Dataset records:
★ ★ ★ ★ ★ ★ ★
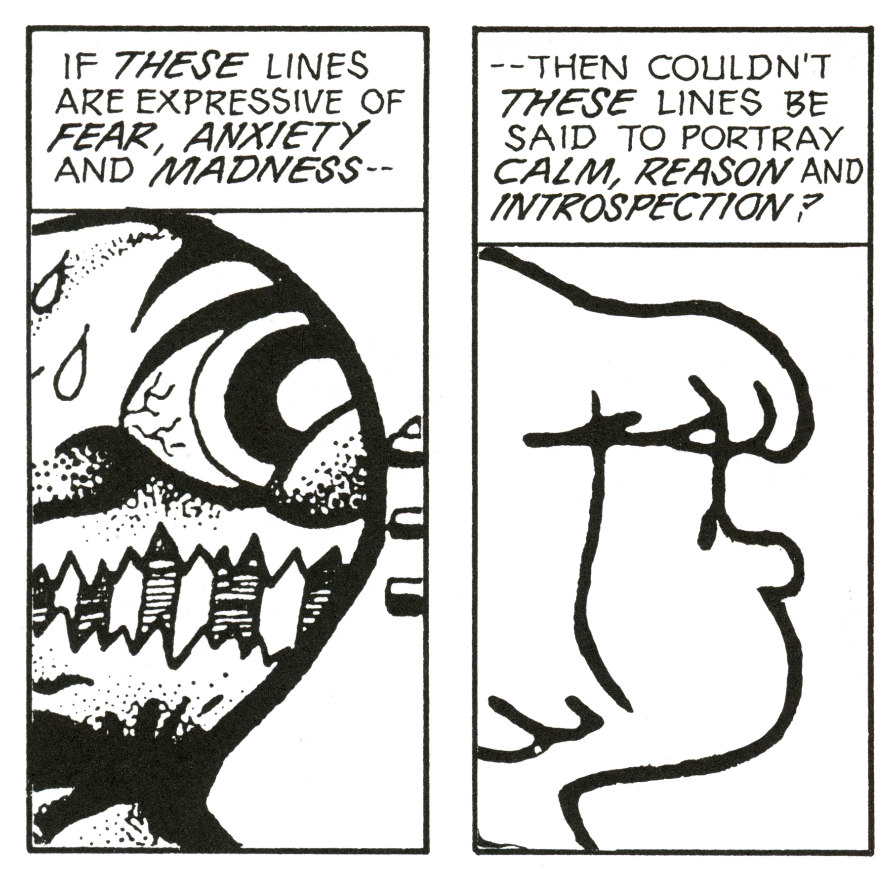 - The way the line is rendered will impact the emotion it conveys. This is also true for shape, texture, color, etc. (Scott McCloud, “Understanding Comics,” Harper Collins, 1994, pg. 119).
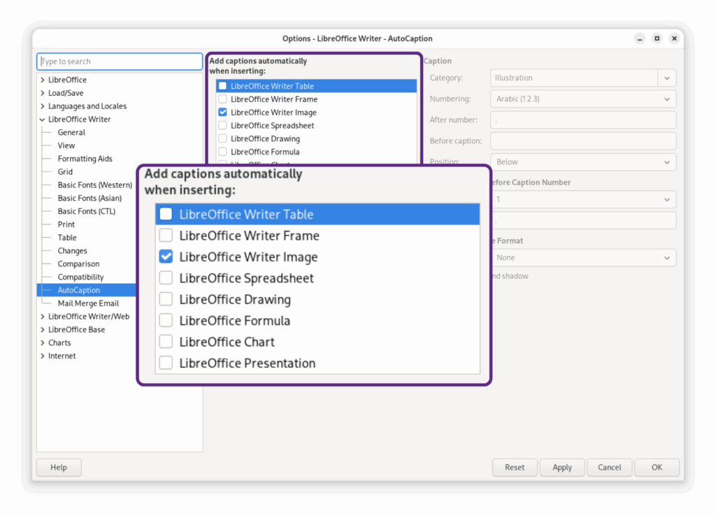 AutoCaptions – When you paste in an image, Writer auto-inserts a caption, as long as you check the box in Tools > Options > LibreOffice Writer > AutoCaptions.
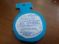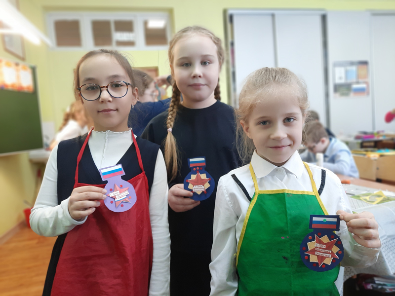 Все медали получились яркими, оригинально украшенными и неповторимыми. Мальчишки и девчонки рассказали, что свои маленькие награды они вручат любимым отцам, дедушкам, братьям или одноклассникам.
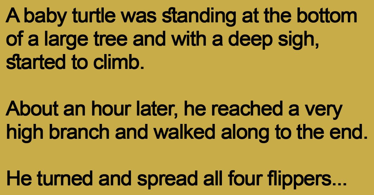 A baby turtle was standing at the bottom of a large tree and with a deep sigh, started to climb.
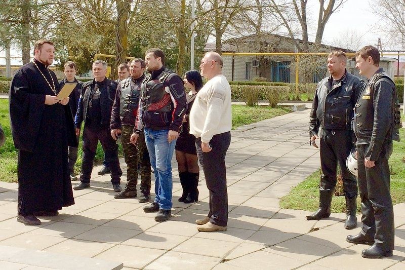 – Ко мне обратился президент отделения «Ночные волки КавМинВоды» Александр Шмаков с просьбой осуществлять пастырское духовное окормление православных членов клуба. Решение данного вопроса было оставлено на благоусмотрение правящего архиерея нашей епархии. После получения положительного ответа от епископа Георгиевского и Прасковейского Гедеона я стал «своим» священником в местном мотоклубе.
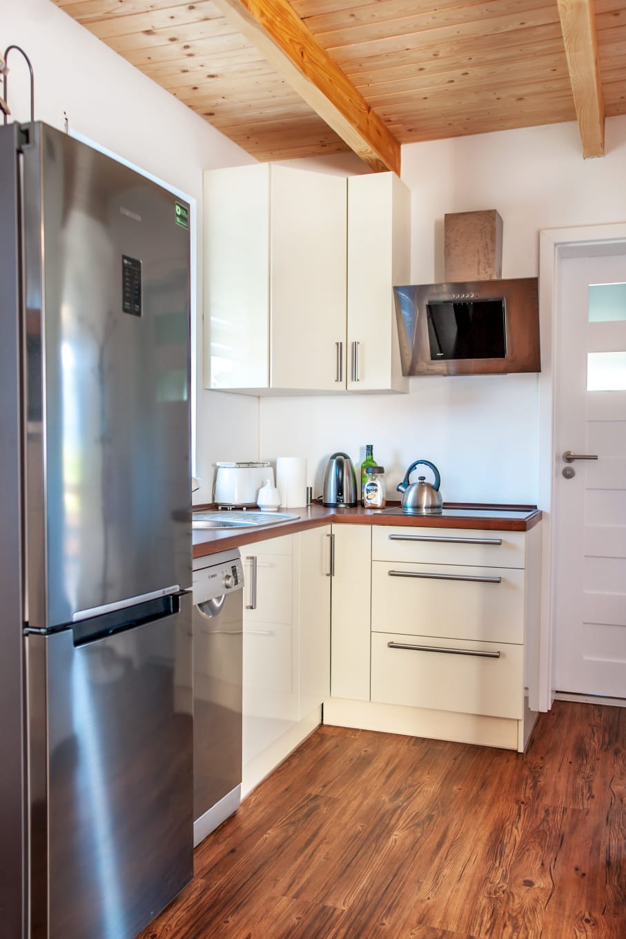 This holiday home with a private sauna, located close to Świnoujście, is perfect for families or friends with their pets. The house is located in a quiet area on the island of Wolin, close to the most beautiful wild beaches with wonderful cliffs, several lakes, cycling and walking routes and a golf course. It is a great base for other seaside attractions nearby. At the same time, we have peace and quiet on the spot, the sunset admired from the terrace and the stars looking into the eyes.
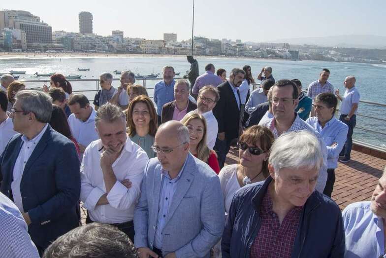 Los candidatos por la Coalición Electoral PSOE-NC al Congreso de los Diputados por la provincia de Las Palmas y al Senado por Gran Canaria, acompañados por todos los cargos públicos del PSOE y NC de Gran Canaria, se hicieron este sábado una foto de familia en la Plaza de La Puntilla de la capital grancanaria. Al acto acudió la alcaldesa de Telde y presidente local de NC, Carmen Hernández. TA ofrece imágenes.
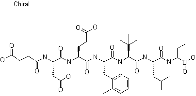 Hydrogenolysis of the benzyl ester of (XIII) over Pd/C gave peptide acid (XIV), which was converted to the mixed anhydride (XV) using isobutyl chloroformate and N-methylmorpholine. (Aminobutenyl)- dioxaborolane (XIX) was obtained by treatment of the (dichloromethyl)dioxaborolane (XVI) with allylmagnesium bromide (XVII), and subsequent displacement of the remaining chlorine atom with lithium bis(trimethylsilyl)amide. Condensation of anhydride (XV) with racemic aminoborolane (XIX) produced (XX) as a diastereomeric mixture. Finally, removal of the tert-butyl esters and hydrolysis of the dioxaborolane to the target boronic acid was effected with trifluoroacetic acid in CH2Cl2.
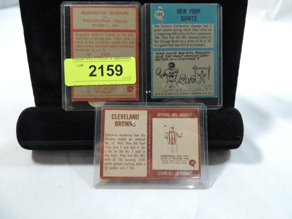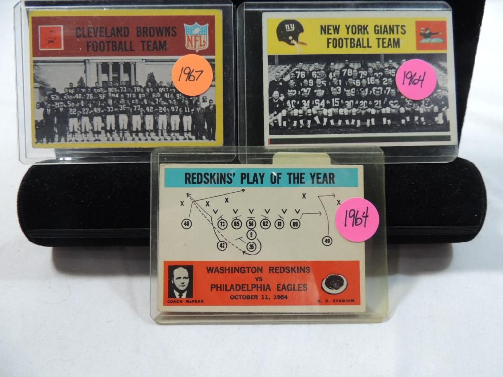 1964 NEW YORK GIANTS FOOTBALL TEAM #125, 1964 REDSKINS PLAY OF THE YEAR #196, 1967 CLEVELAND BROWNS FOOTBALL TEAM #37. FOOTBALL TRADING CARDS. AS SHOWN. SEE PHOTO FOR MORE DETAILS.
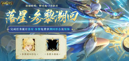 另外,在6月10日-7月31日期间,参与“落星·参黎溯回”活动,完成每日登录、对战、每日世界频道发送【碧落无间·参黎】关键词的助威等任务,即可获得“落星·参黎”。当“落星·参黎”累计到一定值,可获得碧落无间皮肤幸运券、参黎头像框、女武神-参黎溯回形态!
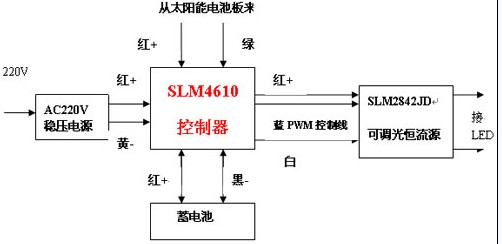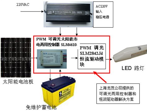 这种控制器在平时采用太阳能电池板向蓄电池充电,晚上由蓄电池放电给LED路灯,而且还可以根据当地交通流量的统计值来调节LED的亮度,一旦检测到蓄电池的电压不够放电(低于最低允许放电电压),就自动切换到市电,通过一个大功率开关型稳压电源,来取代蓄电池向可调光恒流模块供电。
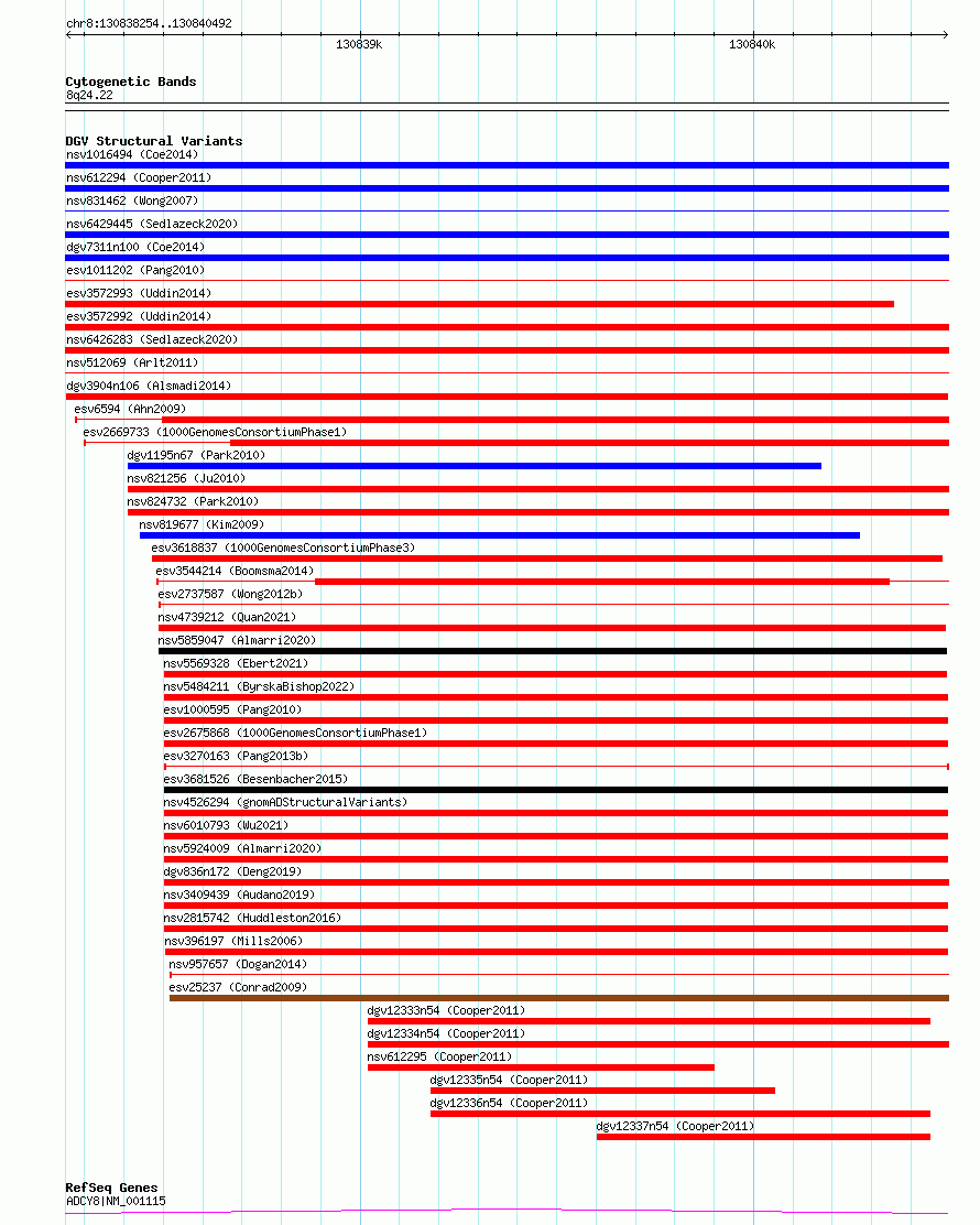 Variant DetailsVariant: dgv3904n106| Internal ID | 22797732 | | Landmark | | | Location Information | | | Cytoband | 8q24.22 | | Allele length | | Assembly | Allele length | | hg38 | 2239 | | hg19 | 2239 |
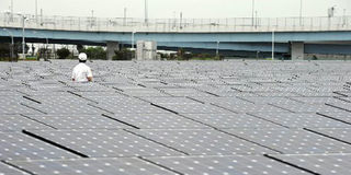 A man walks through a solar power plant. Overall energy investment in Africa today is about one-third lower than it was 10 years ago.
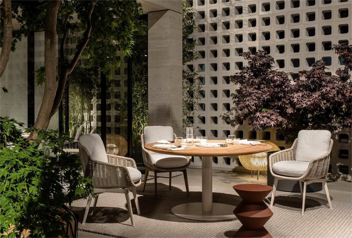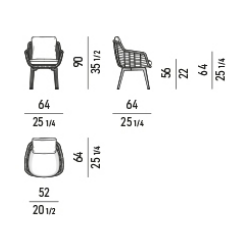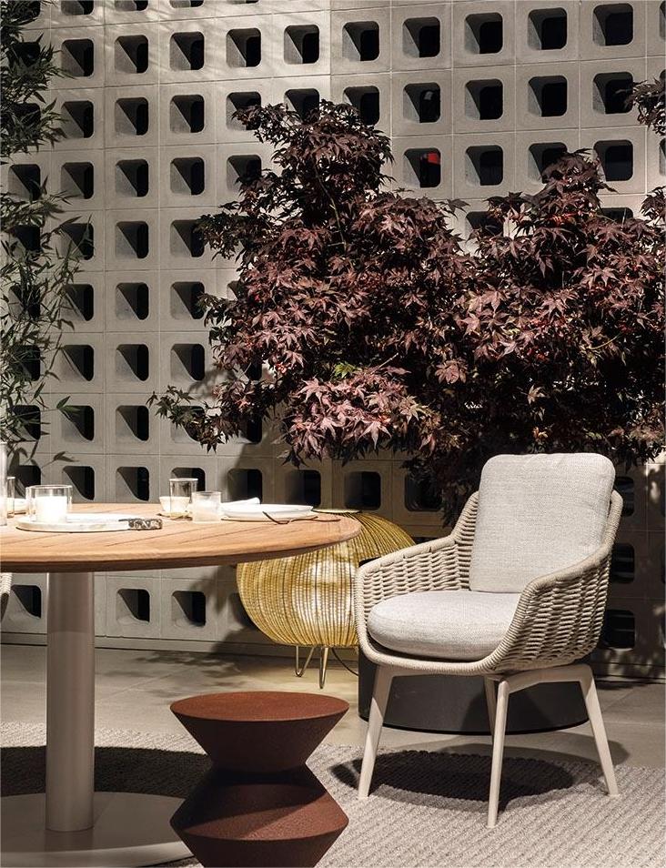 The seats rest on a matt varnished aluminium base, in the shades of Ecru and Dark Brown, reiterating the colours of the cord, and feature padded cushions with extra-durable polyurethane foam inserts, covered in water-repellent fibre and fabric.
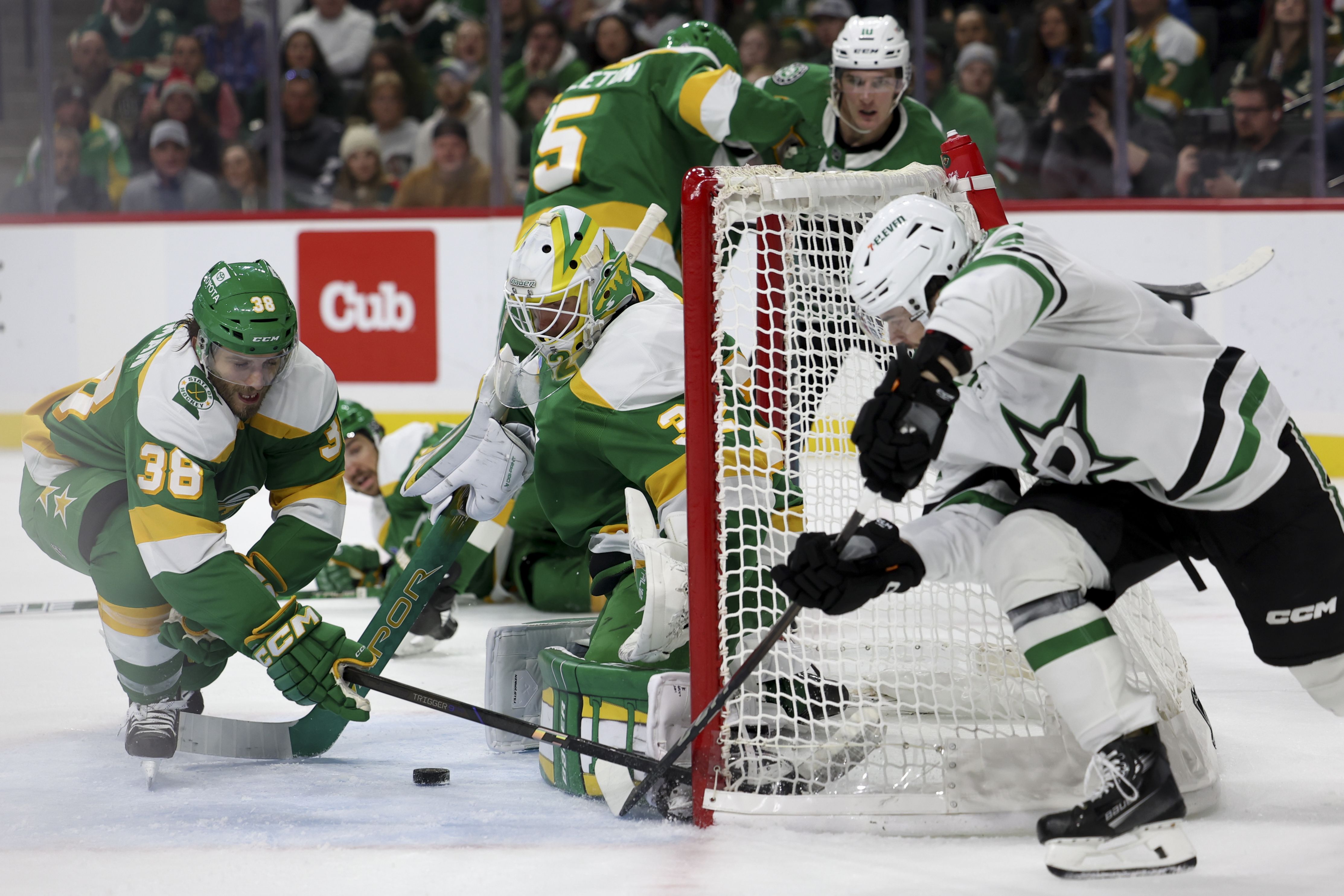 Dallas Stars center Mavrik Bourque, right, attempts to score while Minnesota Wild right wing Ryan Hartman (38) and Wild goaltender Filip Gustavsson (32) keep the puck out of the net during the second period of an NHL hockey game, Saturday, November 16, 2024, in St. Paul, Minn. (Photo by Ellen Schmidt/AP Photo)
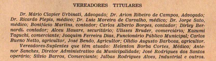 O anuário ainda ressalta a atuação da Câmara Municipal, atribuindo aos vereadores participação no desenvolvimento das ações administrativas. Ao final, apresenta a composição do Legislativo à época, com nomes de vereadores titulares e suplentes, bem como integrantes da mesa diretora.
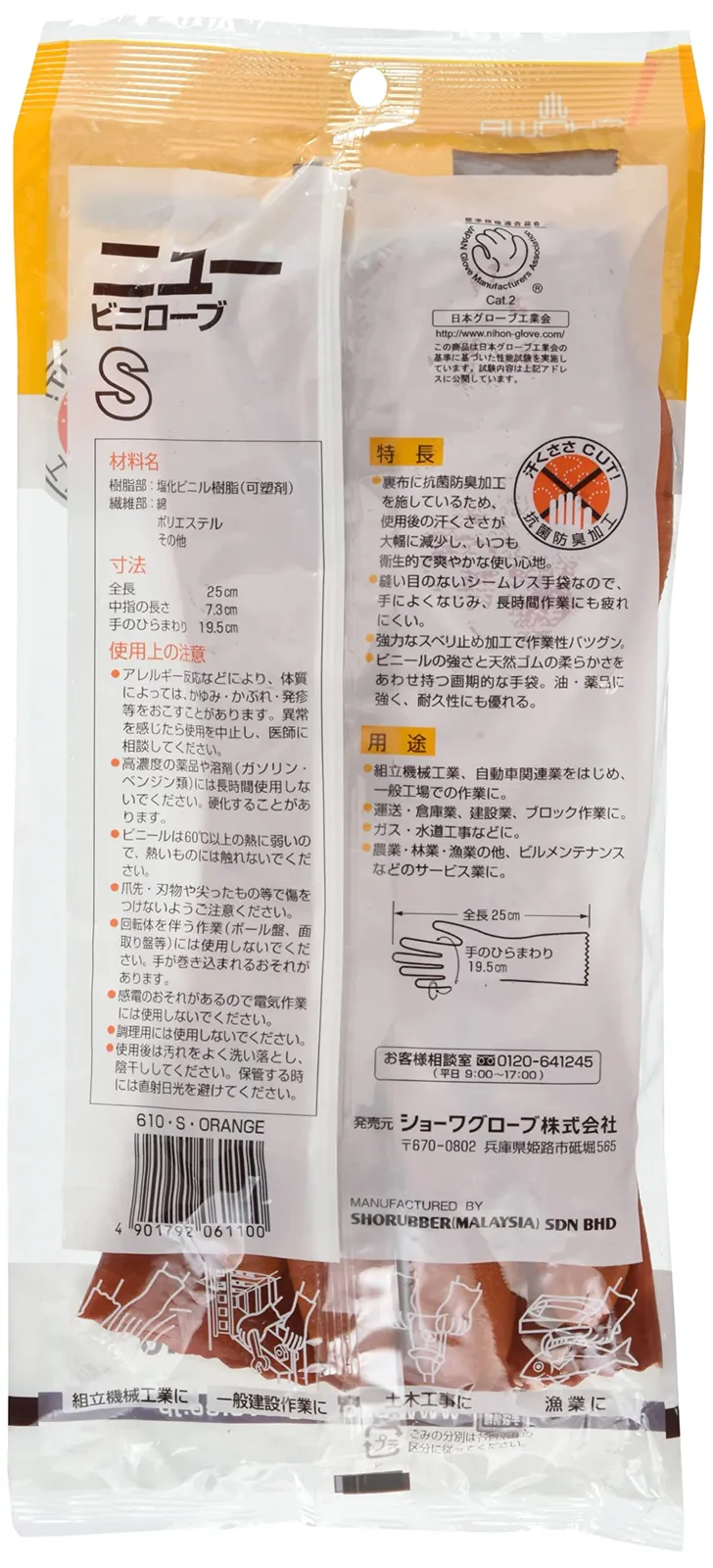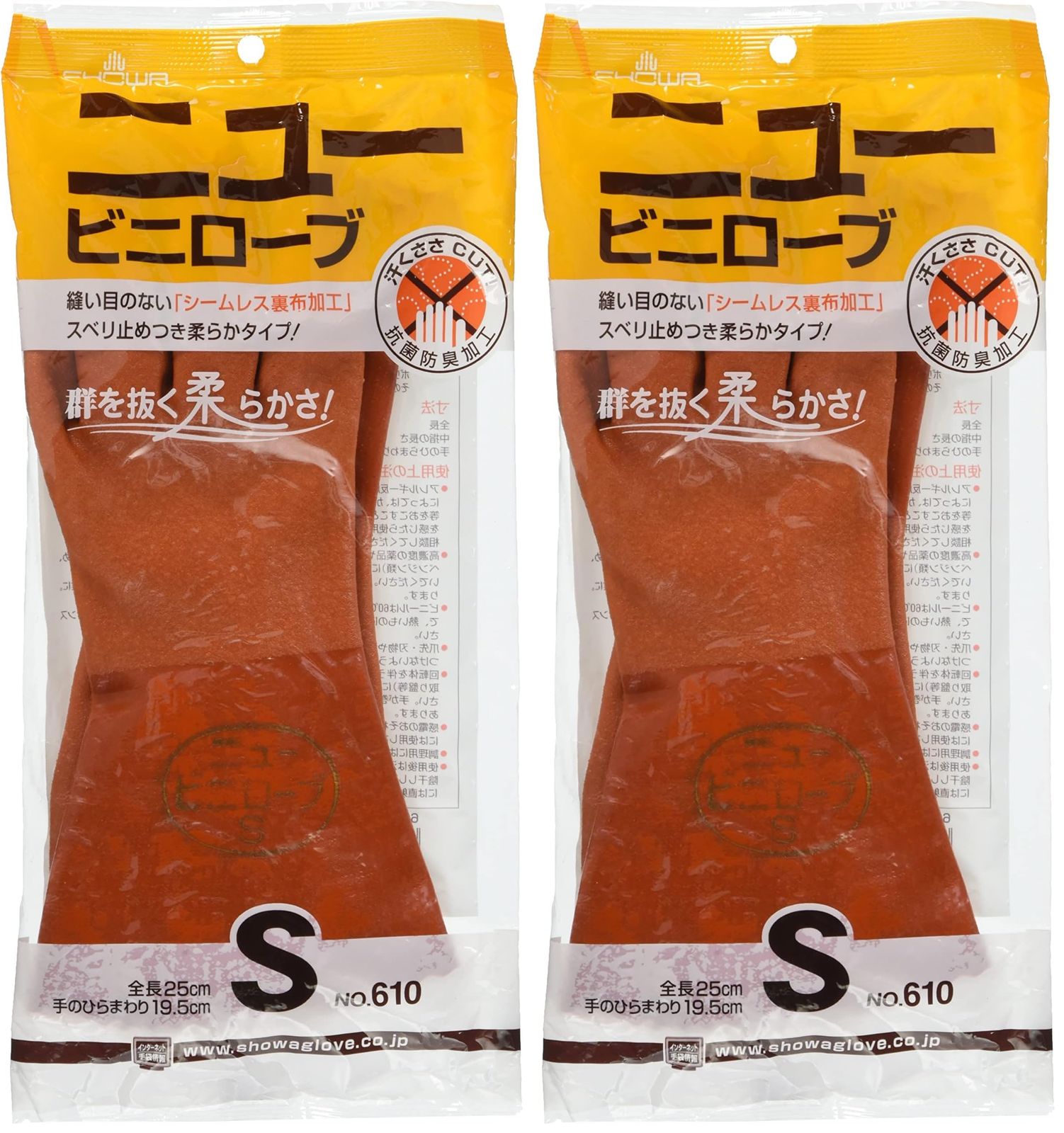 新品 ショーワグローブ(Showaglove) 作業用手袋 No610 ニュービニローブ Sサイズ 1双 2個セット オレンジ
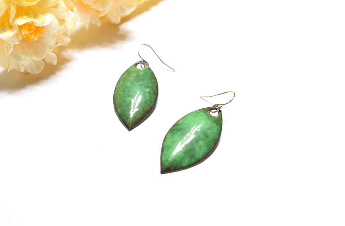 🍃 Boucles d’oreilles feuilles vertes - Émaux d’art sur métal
★ ★ ★ ★ ★ ★ ★
**Problem to solve:**
Above are some entries. Restate word for word the lines from the one holding "Variant DetailsVariant: dgv3904n106|" through the one holding "A man walks", but not the pictures.

**Answer to this task:**
 Variant DetailsVariant: dgv3904n106| Internal ID | 22797732 | | Landmark | | | Location Information | | | Cytoband | 8q24.22 | | Allele length | | Assembly | Allele length | | hg38 | 2239 | | hg19 | 2239 |
 A man walks through a solar power plant. Overall energy investment in Africa today is about one-third lower than it was 10 years ago.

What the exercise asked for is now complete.